Scaling with Multiple Threads
We have recently done some performance measurement to see how well the RANGO algorithm scales with multiple threads. For this benchmark we used an Intel i7 860 with 2.8GHZ. This machine has 4 cores, and it is possible to enable Hyper-threadding.
In this benchmark, we set both stops.min_iterations and stop.max_iterations to 3,000,000, and set stops.min_runtime to 0 and stops.max_runtime to a ridiculous large number like 99999999. This effectively lets RANGO run purely iteration based for exactly 3,000,000 iterations. See the API documentation for more information on the stops. The result of that matching can be seen in the above picture.
Scaling with Cores
We then proceeded to change performance.threads. The default setting is 0, which means use as many threads as available. With Hyper-threadding enabled, this would mean 8 on that CPU. We set successively set the number of threads to 1, 2, 3, and 4, measured runtime, and got this nice result.
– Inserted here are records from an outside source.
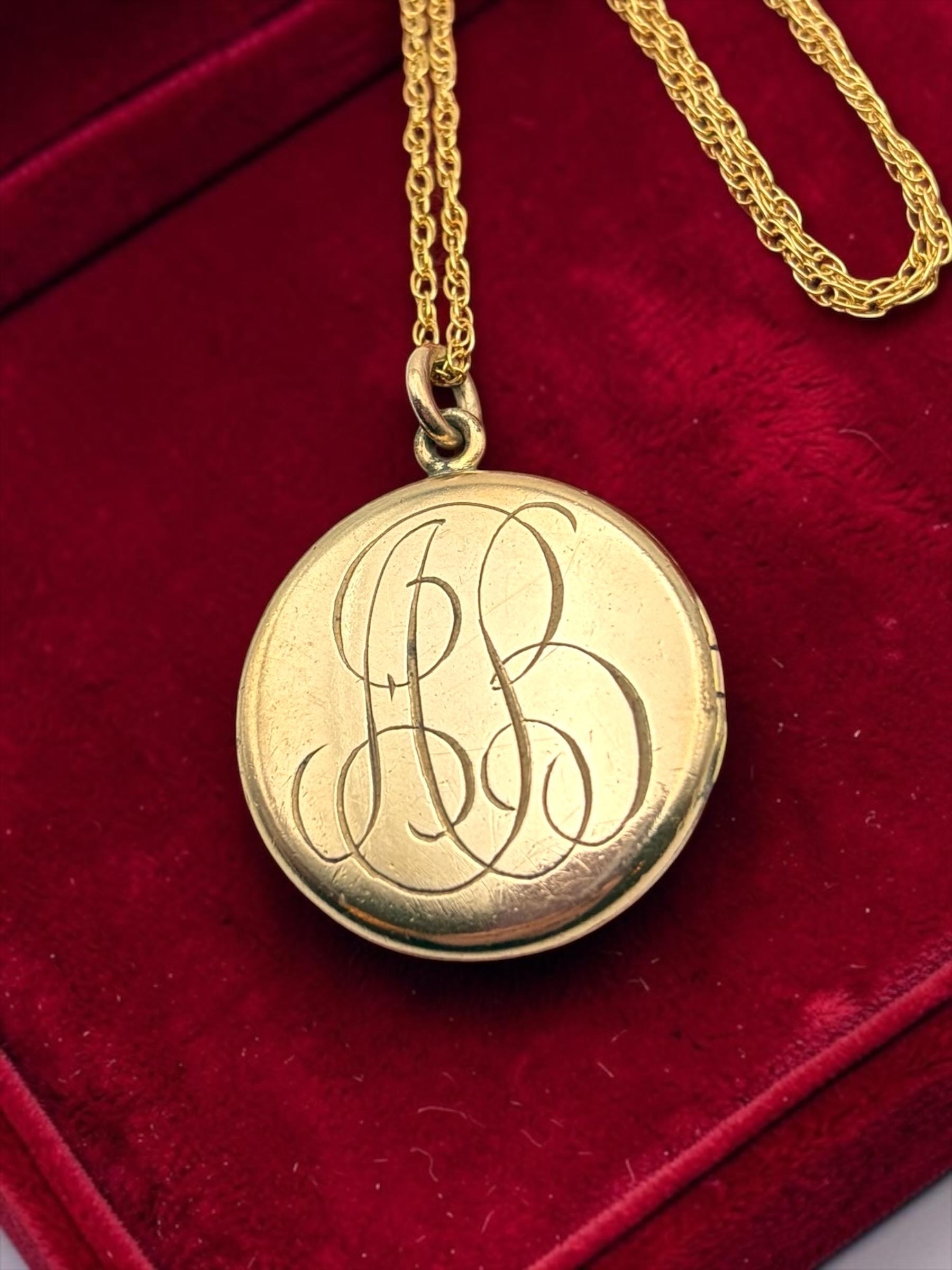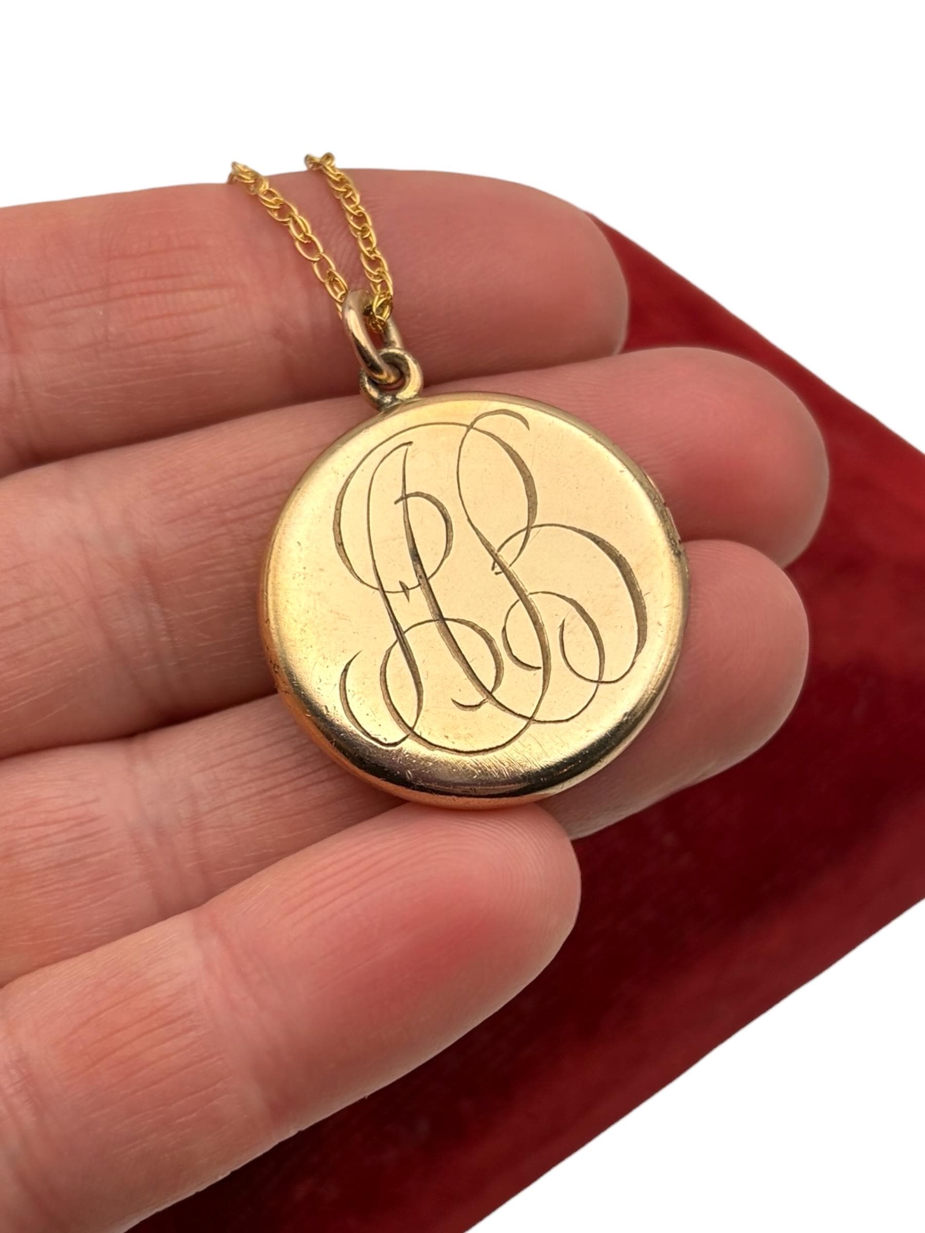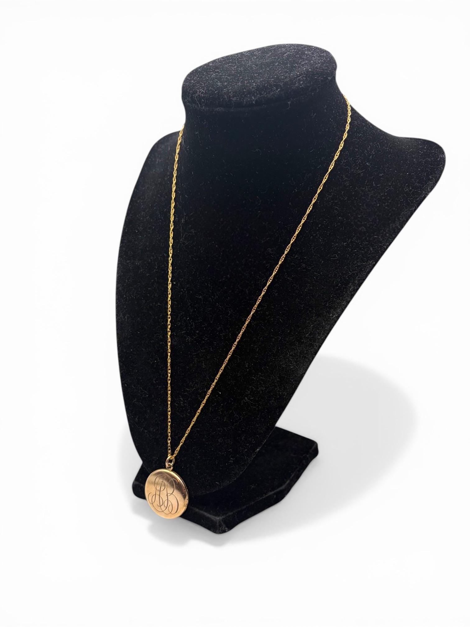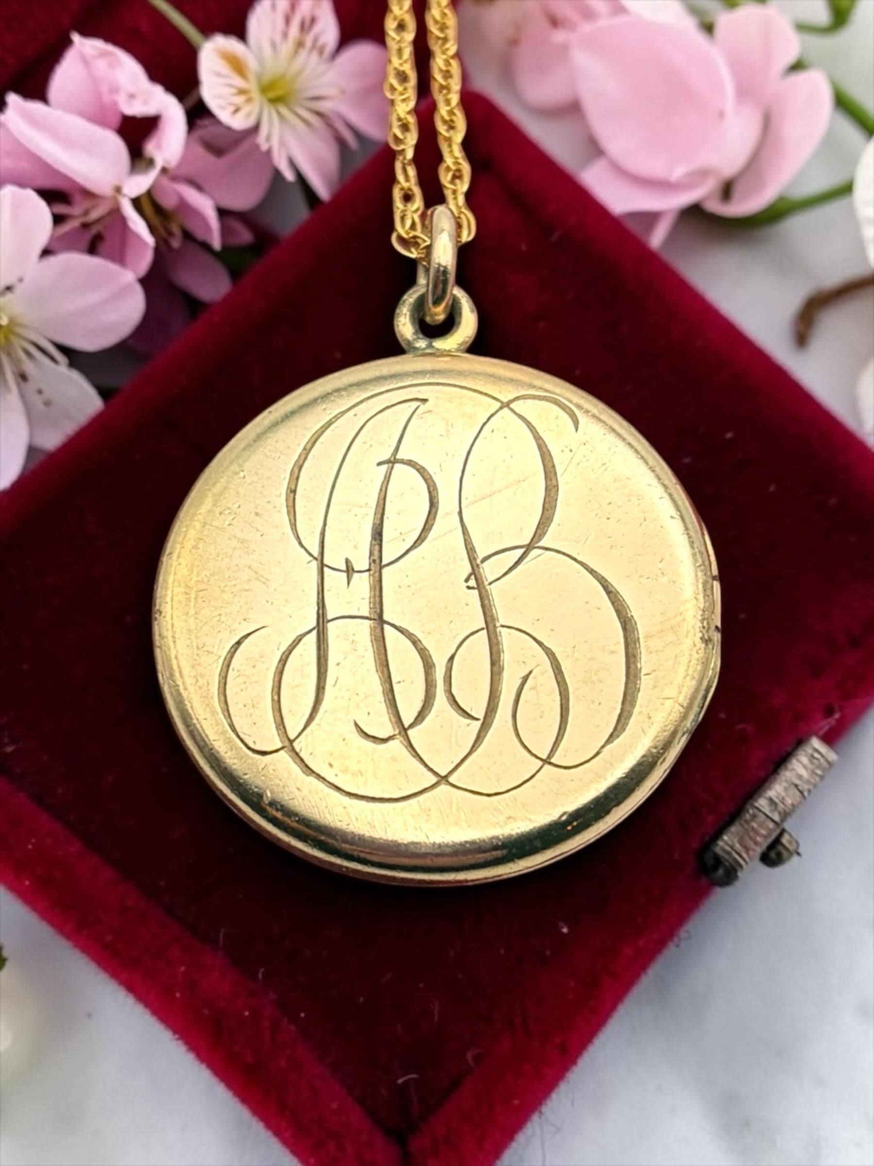 Antique Gold Filled Locket Necklace – Monogram AB BJ, Edwardian Photo Pendant (20" Chain)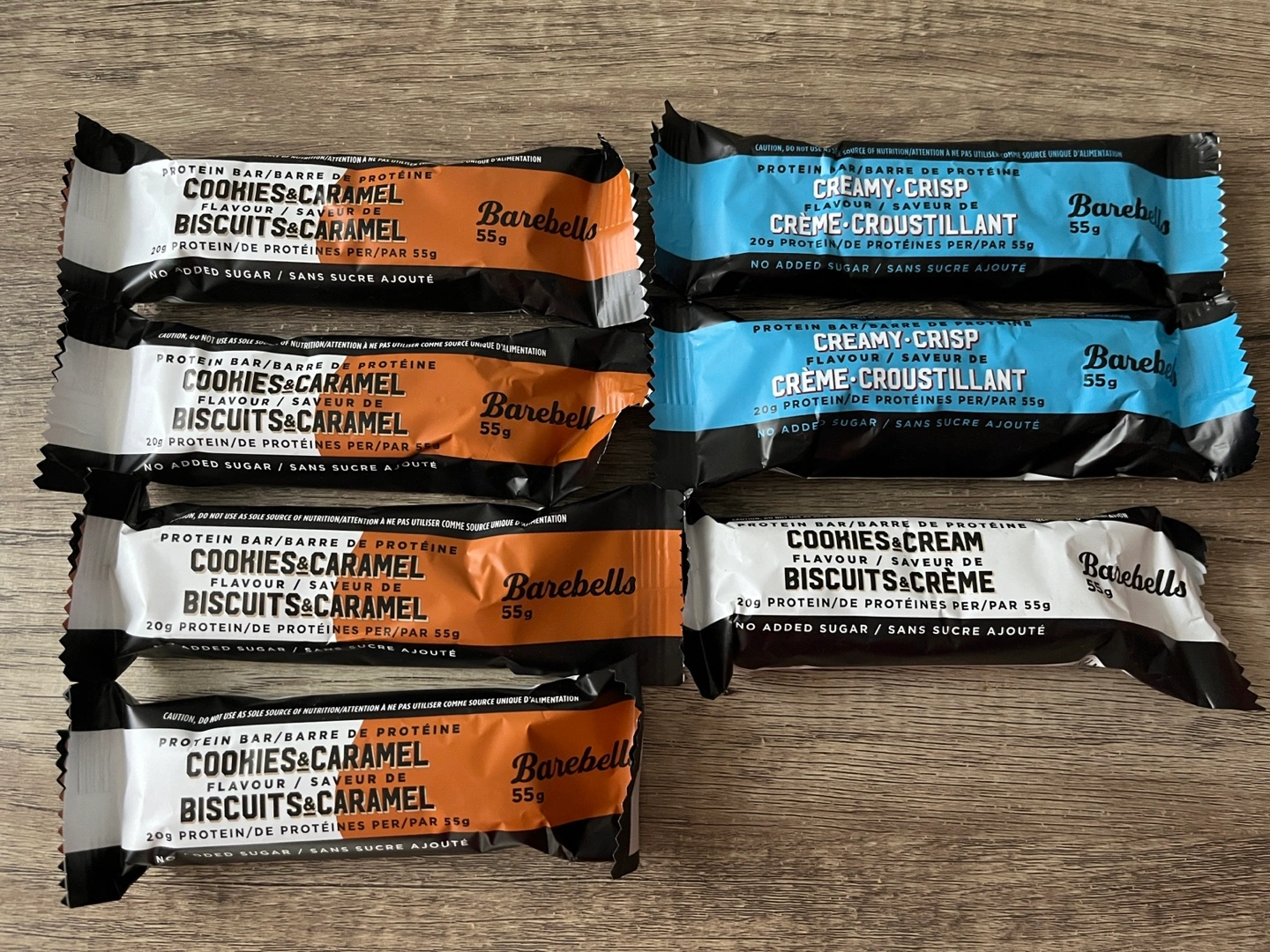 $3 each or take all 7 for $20. Each bar contains 20g of protein, with no added sugar. Flavours include Cookies & Caramel, Creamy Crisp, and Cookies & Cream.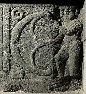 - Profiliert gerahmtes Schriftfeld mit Peltenhenkeln, die von nackten Knaben (Genius) gehalten werden. Zwischen Rahmen und Pelten Rosetten.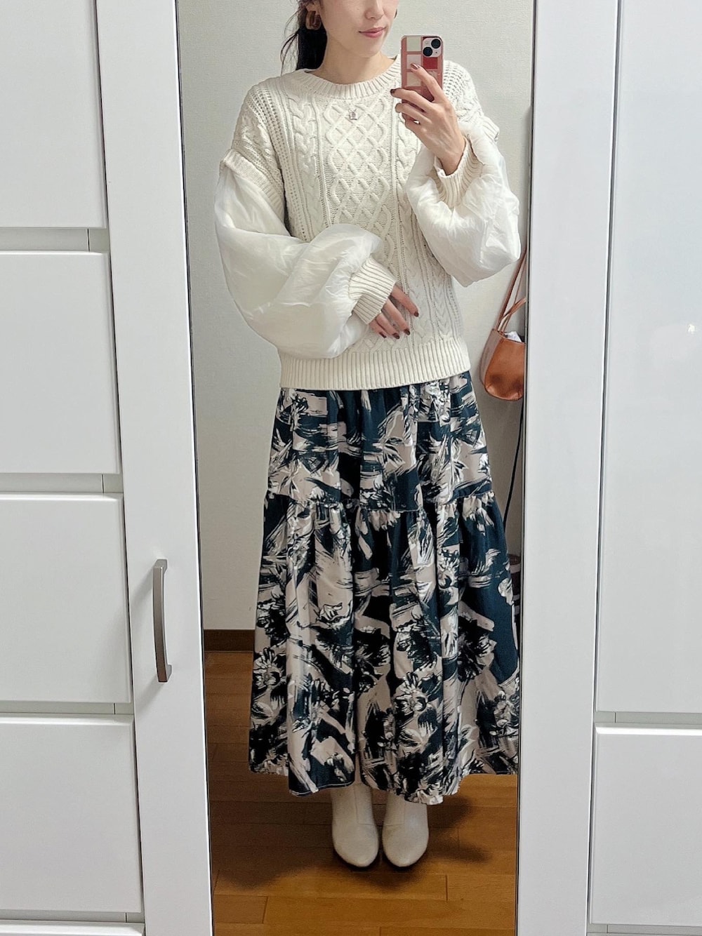 saaaya_codeのニット/セーター「オーガンジードッキングケーブルニット」を使ったコーディネート

It shows that RANGO scales very well with the number of cores. It is not completely linear, but each additional thread substantially improves performance.
Scaling with Hyper-Threadding
We continued increasing the number of threads to 5, 6, 7, and 8 so that hyper-threadding was used.
The performance improvement continues, even though two threads are now running on the same core. It looks like Hyper Threading does indeed improve performance for RANGO. The trend has flattend quite a bit compared to using cores directly, but the speedup is still quite noticeable.
The morale of the story: Using all available threads definitely pays off. When keeping stops.threads at 0 (the default configuration) will use all available threads for maximum performance. So just keep the setting at 0, and enable hyper threadding in the BIOS if your CPU supports it.